Although its most recent deal was announced just weeks prior to the credit crunch, the company has said its financing remains secure.

"I think [Riverdeep executive chairman] Barry O'Callaghan got his timing just right on that deal. I couldn't see him doing a deal like that today, " said one Dublinbased corporate financier, who also speculated that Quinlan Private's recent 1.16bn acquisition of the Jurys Inn hotel chain might not have gone ahead in the current climate.

Mark Fenelon, a director of Whitebridge Capital, said the big impact of the sub-prime mortgage-generated crisis would be on mezzanine-type debt, which is secured only against a company's assets and subordinate to senior debt, which is the first to be repaid in the event of bankruptcy.

Although riskier, mezzanine debt provides high returns, which has made it attractive to investors. From the borrowers' perspective, aggressive use of mezzanine finance protects their share of equity in a firm, since they don't have to sell a stake to investors.

"In recent years we have seen huge prices paid for global corporations and it has become very competitive.

This competition has driven up debt levels and banks were willing to lend three to four times' cash flow, " said Fenelon, who predicted that some highly leveraged, i. e.

debt laden companies will come under high pressure.

"If the current situation results in a global economic slowdown, profits will drop and some corporate will find themselves paying high levels of interest.
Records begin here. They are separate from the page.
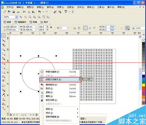 2、右鍵單擊圖形,選擇“段落文本換行”(如是文字類形狀需要先轉為曲線)如圖,
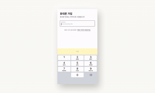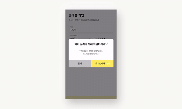 모든 사용자가 저희 의도대로 되면 좋겠지만 당연하게도 베이식한 절차에 해당하지 않는 사용자도 존재합니다. 바로 이미 가입한 회원입니다. 이들은 회원가입을 시도하지만 가입 이력이 있어 블락당하게 됩니다. 여기서 안내를 그치면 사용자는 로그인할 수 있는 경로를 직접 찾아 나서야 합니다. 저희는 그런 불필요한 과정을 단숨에 건너뛸 수 있도록 로그인 화면으로 바로 가는 버튼을 제공했습니다. 거기다 회원가입을 시도한 휴대폰 번호(아이디)를 미리 입력해둔 채로 비밀번호 필드에 포커싱을 해줍니다. 귀찮은 일은 저희가 다 했고 사용자는 비밀번호만 입력하면 됩니다.
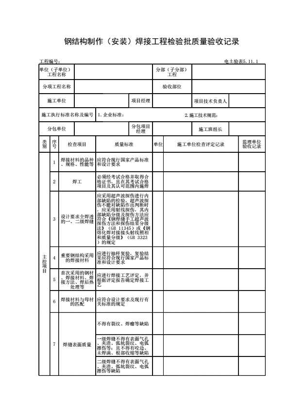 表格名称:电土验表5.11.1 钢结构制作(安装)焊接工程检验批质量验收记录
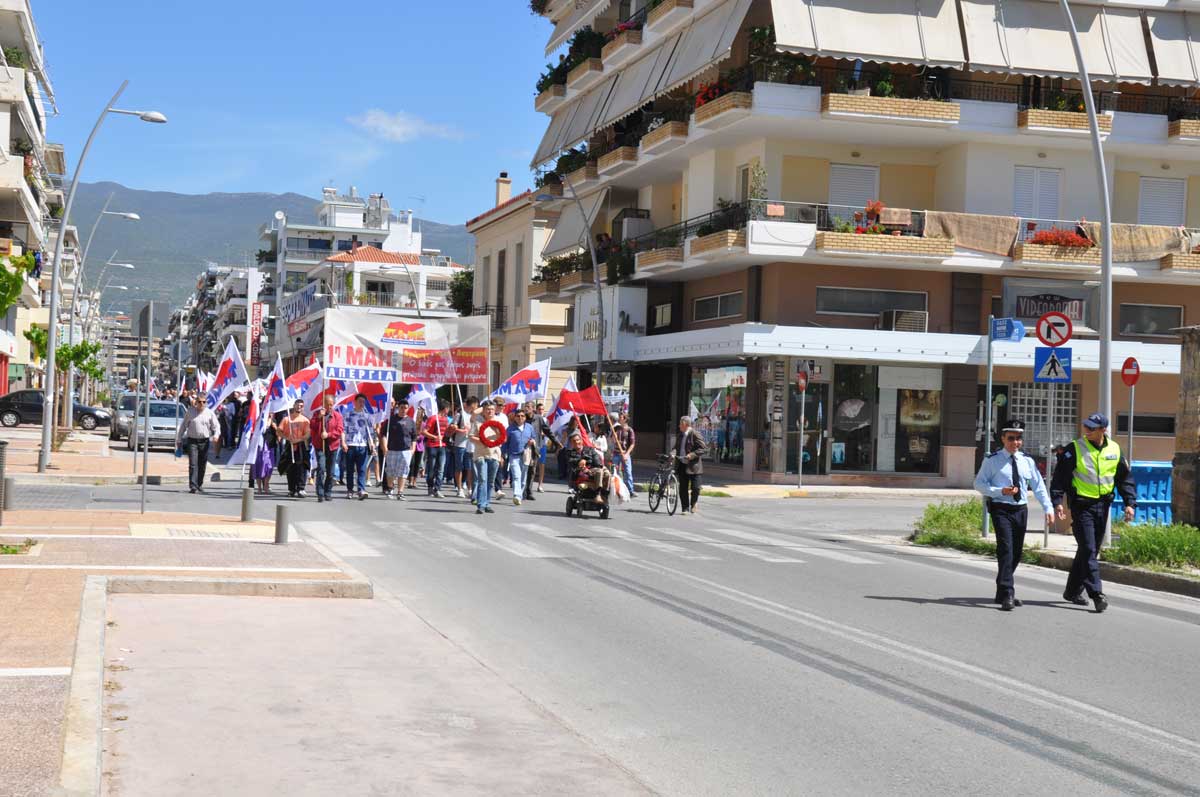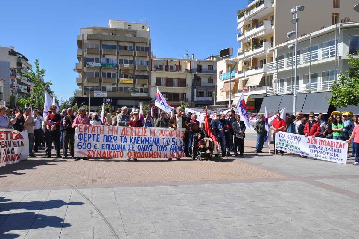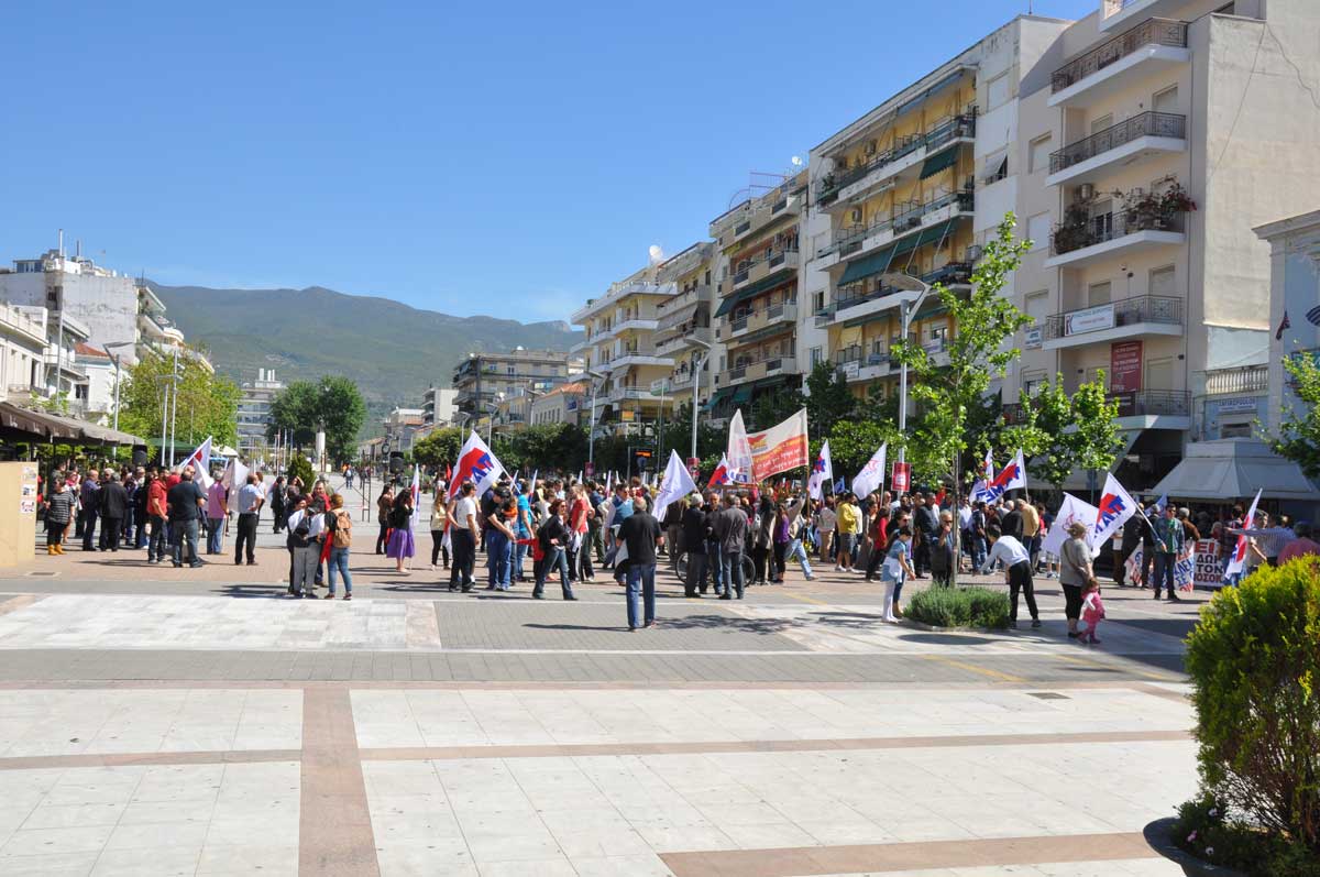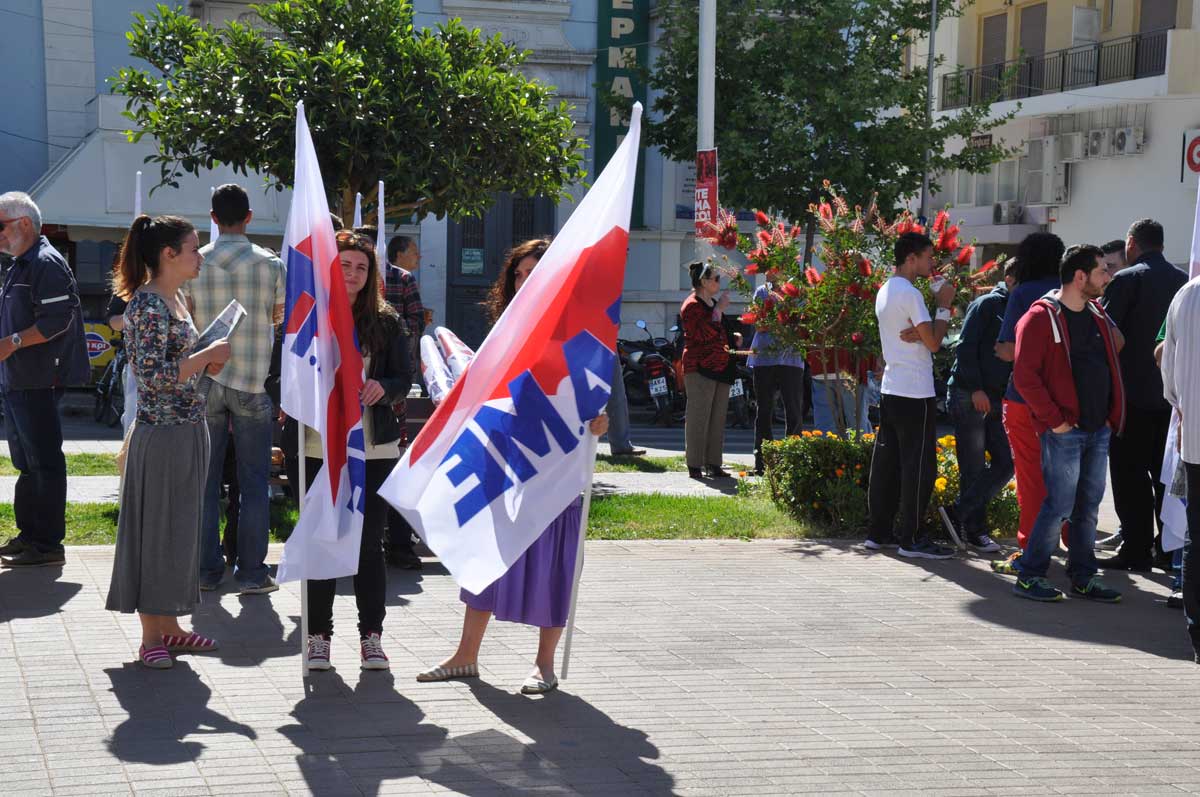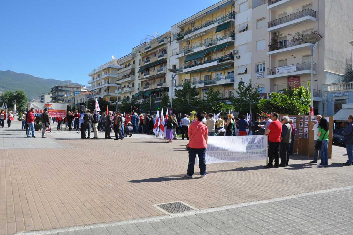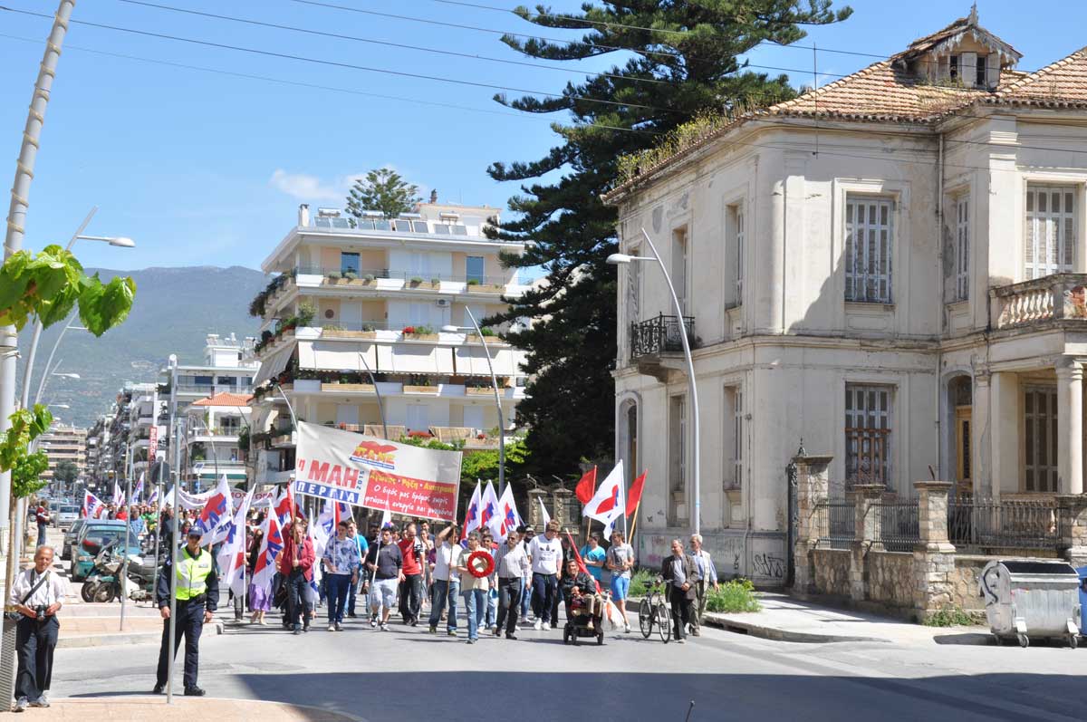Στους συγκεντρωμένους απευθύνθηκαν, ο Μάριος Μούντανος από την Επιτροπή Ανέργων -ο οποίος και κατέθεσε, αργότερα, το στεφάνι στο μνημείο των λιμενεργατών-, ο ειδικευόμενος γιατρός στο Νοσοκομείο Καλαμάτας Γιώργος Φερνετίνος και ο επικεφαλής της Γραμματείας Μεσσηνίας του ΠΑΜΕ Παναγιώτης Κουφαλάκος, πρόεδρος του σωματείου εργαζομένων στη ΔΕΥΑΚ, ενώ η Βάσια Αντωναροπούλου ανέγνωσε την απολογία του Αύγουστου Σπάις, του εργάτη που μαζί με άλλους συναδέλφους του απαγχονίστηκε για τα γεγονότα που εξελίχθηκαν στην εργατική κινητοποίηση του Σικάγου το 1886.
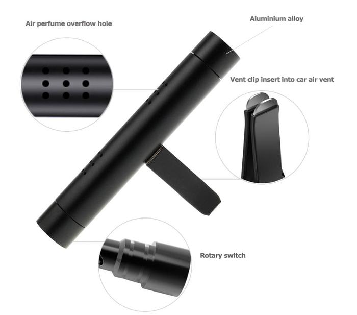 PARFUM PEWANGI MOBIL STICK CAR AIR VENT PREMIUM QUALITY WITH 5 REFIL BLACK
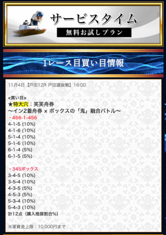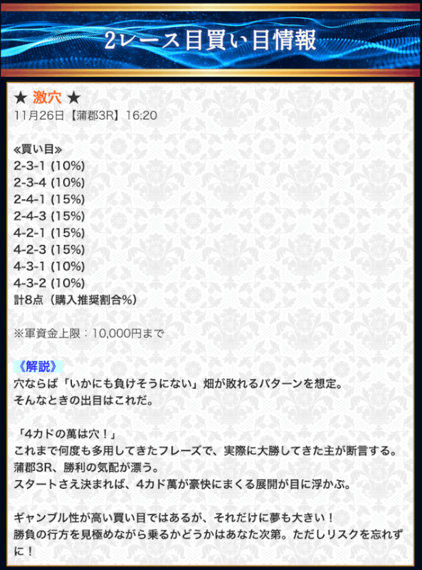 | プレジデント | 300,000円(3000PT) | デイ・ナイター | 三連単 | 3,500,000円 | 5点前後 | 2レースコロガシ | 破壊力満点 |
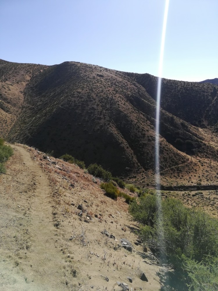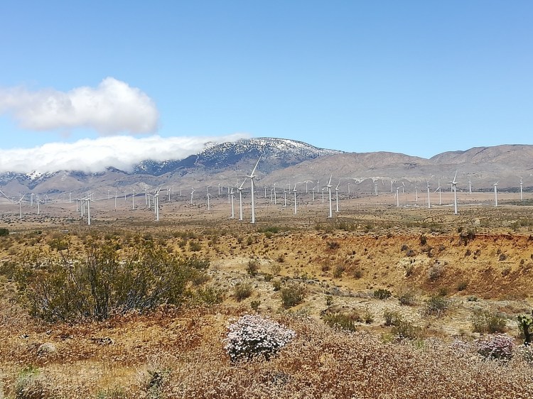 On commence par longer l’aqueduc qui approvisionne Los Angeles en amenant l’eau de la Sierra Nevada vers la côte. C’est tantôt un canal ouvert, tantôt un gros tuyau fermé, tantôt une canalisation en béton enterrée. On va le suivre pendant près de 15 miles sur d’infinies lignes droites et du plat. Il y a énormément d’éoliennes qui alimentent Los Angeles, plusieurs centaines sans doute. Heureusement sur cette section nous avons le vent dans le dos. Nous avançons donc rapidement et avons déjà franchis les 17 premiers miles à 13h00 pour notre pause déjeuner. Ce ne sera pas le cas l’après midi où le chemin revient dans un grand arc de cercle face au vent pour entamer la montée d’une montagne où se trouve le seul point d’eau du désert. Ça devient très sportif et marcher est parfois impossible dans les grosses rafales sur les crêtes. Je suis obligé de m’arrêter et me mettre de dos pour laisser passer les risées avant de reprendre mon chemin en louvoyant.
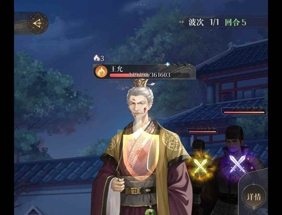 其他正常打,张鲁有大开大不用防御,5回合的时候要把小兵打死不然小兵一下就全炸没了,打到王允残血的时候张鲁只剩5%能量了很惊险的过了...
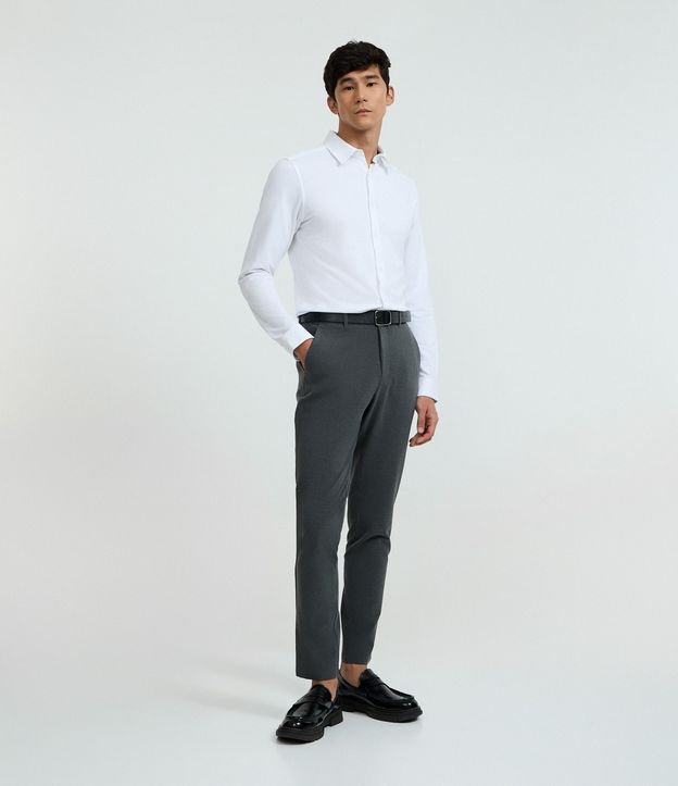 Calça slim masculina com detalhe no cós elástico com passantes, unindo elegância e praticidade. Fechamento tradicional, bolsos funcionais e tecido sofisticado para compor looks casuais ou formais.
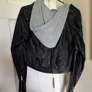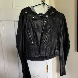 Sleek black leather jacket with silver zippers. Features a classic biker style. Perfect for edgy looks.
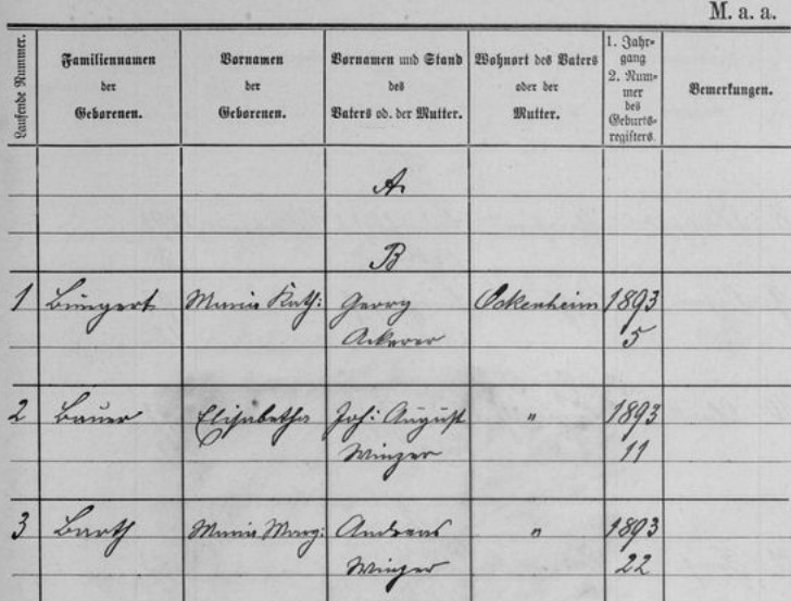am 19.08.1893 in Ockenheim geboren und katholisch getauft. Im Zivilstandsregister Ockenheim ist die Geburt von Maria Margaretha Barth mit Vater Andreas Barth, Beruf Winzer, 1893 unter No.3 angezeigt.

In these circumstances you could expect to see some fire sales, " he said.

Fenelon added that, while people will question the fact that Riverdeep closed two leveraged deals within eight months, there were far riskier companies out there.

While Irish financiers remain relatively confident about the health of the local M&A market, some big international deals have been hit.

US investment bank Morgan Stanley withdrew the financing package it was offering to potential buyers of cable firm Insight Communications.

Meanwhile car giant Ford was so concerned that a buyer for its Jaguar and Land Rover brands would be unable to raise money that it offered to part-finance any deal itself.